There were a number of surprising aspects which arose in my search for good features. Before manually creating a list of the most commonly used words in my dataset, I looked up a number of websites with lists of “common spam words.” However, after inputing these words into the words_with_text
function, it turns out that most of these words were not particularly prevalent in the dataset. I was also surprised by some of the words that made it onto my list of words that I deemed as being the most common words with the greatest effect on prediction. For example, the word “your”, to my eye, does not seem like a word that one would tend to find more often in spam over ham emails, and yet its distribution ratio (spam/ham) is actually quite large.

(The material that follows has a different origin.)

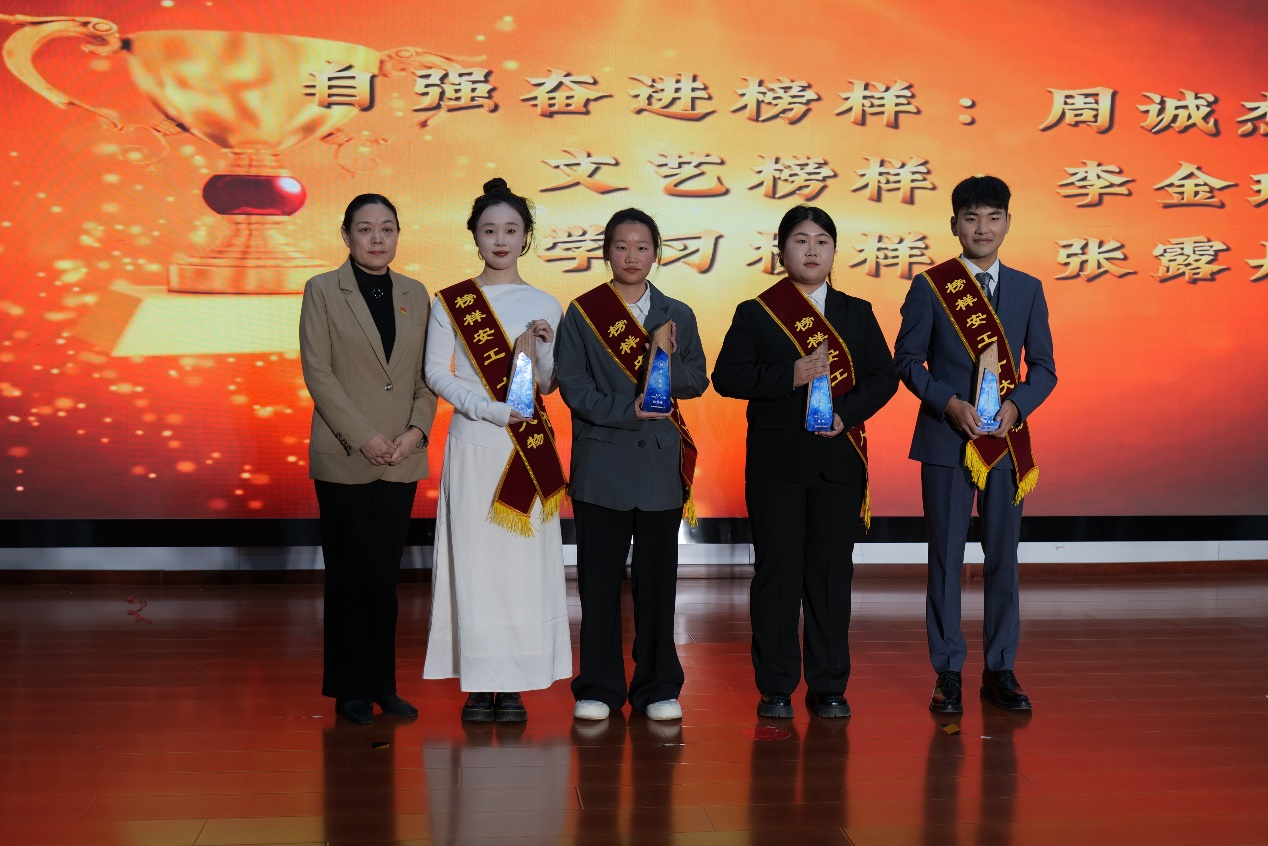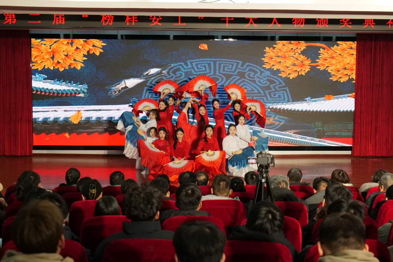 颁奖典礼分别对科技创新、社会实践、自强奋进、学业优异、文体先进五类榜样人物进行颁奖,此外,颁奖典礼穿插有合唱《蜗牛》《ag九游会登陆j9入口校歌》、舞蹈《扇舞丹青》、朗诵《生活在英雄们中间》、舞台剧《记忆中的安工》等节目。
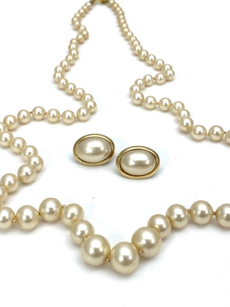 Necklace of graduated faux pearls is 30" long, Earrings are 1", and clipback..It is a beauty and in mint condition.

Were I to do this project again, I would likely use some version of k-fold cross-validation, rather than a single train/validation split for assessing validation error. I would also have another look at the distribution of word counts within the emails, as well as character counts (specifically special characters) to see how the the distributions compare over spam vs. ham emails, and then add features accordingly. As seen in the above heat map, clearly a number of the word features that I chose were rather highly correlated with others, so I would want to eliminate those with correlations deemed too great so as to avoid redundant features, and thus narrow down the number of features used in the overall model. Moreover, I would create more than one model, each with a varied number of features out of the total overall features chosen (i.e. 1-feature model, 2-feature model, 3-feature model, etc.) and compare validation error for the varying degrees so as to choose the best number of features to utilize in the final predictive model.